I missed where you posted the kids’ pictures.


----------



## Lil Boogie (Mar 24, 2021)

toth boer goats said:


> YAY congrats.


Thank you!


----------



## Lil Boogie (Mar 24, 2021)

MadHouse said:


> I missed where you posted the kids’ pictures.


Im posting more pics on the first page now!


----------



## MadHouse (Oct 3, 2019)

Lil Boogie said:


> Im posting more pics on the first page now!


Ok, I found them. Very very cute!!! 💕


----------



## Lil Boogie (Mar 24, 2021)

MadHouse said:


> Ok, I found them. Very very cute!!! 💕


Yay! And Thank you!


----------



## Lil Boogie (Mar 24, 2021)

Well. Just a update here. So i have the babies in our bathroom lol Pepper has a extra teat and the babies wont stop trying to nurse it and they have scrapped the skin off and she wont let them EVEN try to eat on that side. I was already going to make the boy a bottle baby so I could sell him as one BUT. The plan with Pepper was to trade our goat (Betty) for pepper and see what she would have so if she had a doe I might want to keep. She had a doe that I'm keeping soooo I'll just make her a bottle baby and sell pepper! It will work out very well for me because I have to mouny in pepper so now I can sell her & her baby boy!


----------



## NigerianNewbie (Jun 6, 2018)

What about taping her extra teat to discourage the kids from nursing this non producing teat? It is my understanding extra teats can be passed throughout the next generations. Meaning, even if the new kids have the customary 2 teats, their off spring could possibly have extra teats, and the next generation off spring could also produce extra teats. Would you want this trait carried on through both of her kids? Did you obtain the doe knowing she had 3 teats and was she bred to Gizmo?


----------



## toth boer goats (Jul 20, 2008)

I agree, tape up the extra teat, it helps.


----------



## Lil Boogie (Mar 24, 2021)

NigerianNewbie said:


> What about taping her extra teat to discourage the kids from nursing this non producing teat? It is my understanding extra teats can be passed throughout the next generations. Meaning, even if the new kids have the customary 2 teats, their off spring could possibly have extra teats, and the next generation off spring could also produce extra teats. Would you want this trait carried on through both of her kids? Did you obtain the doe knowing she had 3 teats and was she bred to Gizmo?

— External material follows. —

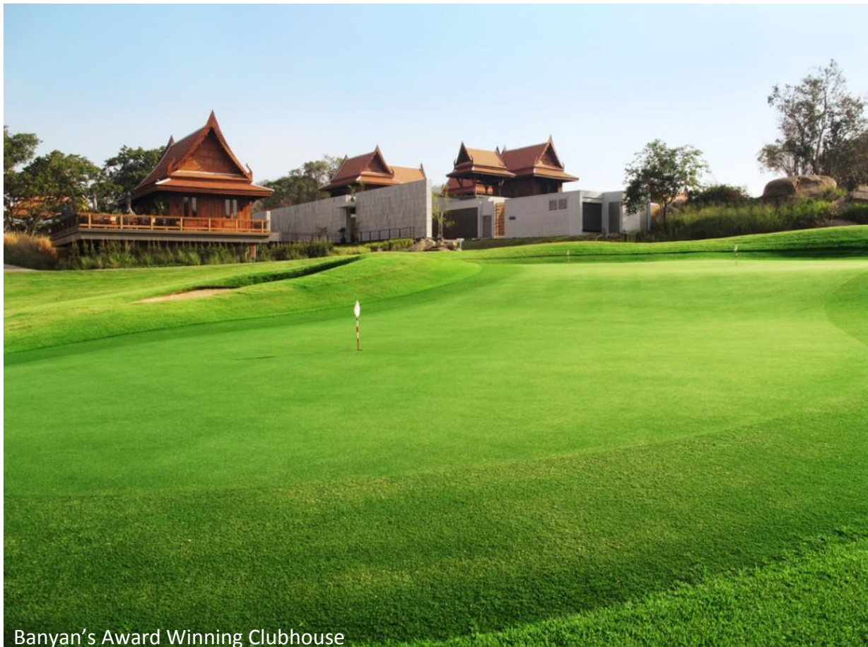
Banyan's Award Winning Clubhouse

This was often talked about inside and outside of the conference. Some clubs in the region are reluctant to change from their traditional ways and are not actively looking for new and innovative ways to bring the excitement back into the club experience. It was generally accepted that there are clear opportunities for transformational leadership, empowerment, and creativity in developing a quality golf experience. As the content of the conference and the awards won at this year's event reconfirms that Banyan Golf Club, Hua Hin position as a market leader in Thailand.

I knew she had a extra teat. And no she was bred to the buck the woman had that I got her from but you see....she bred pepper back to her dad...so great...


----------



## Lil Boogie (Mar 24, 2021)

toth boer goats said:


> I agree, tape up the extra teat, it helps.


Thanks


----------



## toth boer goats (Jul 20, 2008)

No problem


----------



## Lil Boogie (Mar 24, 2021)

New pics of the buck


----------



## Lil Boogie (Mar 24, 2021)

New pics of the doe


----------



## GoosegirlAsh (Mar 24, 2021)

Oh how precious!!


----------



## Lil Boogie (Mar 24, 2021)

GoosegirlAsh said:


> Oh how precious!!


Thank you so much! I will be keeping the little girl who is named April. I will not be keeping the buck. His name is Arthur


----------



## toth boer goats (Jul 20, 2008)

Too cute


----------



## MadHouse (Oct 3, 2019)

They are cuties! Such long legs!


----------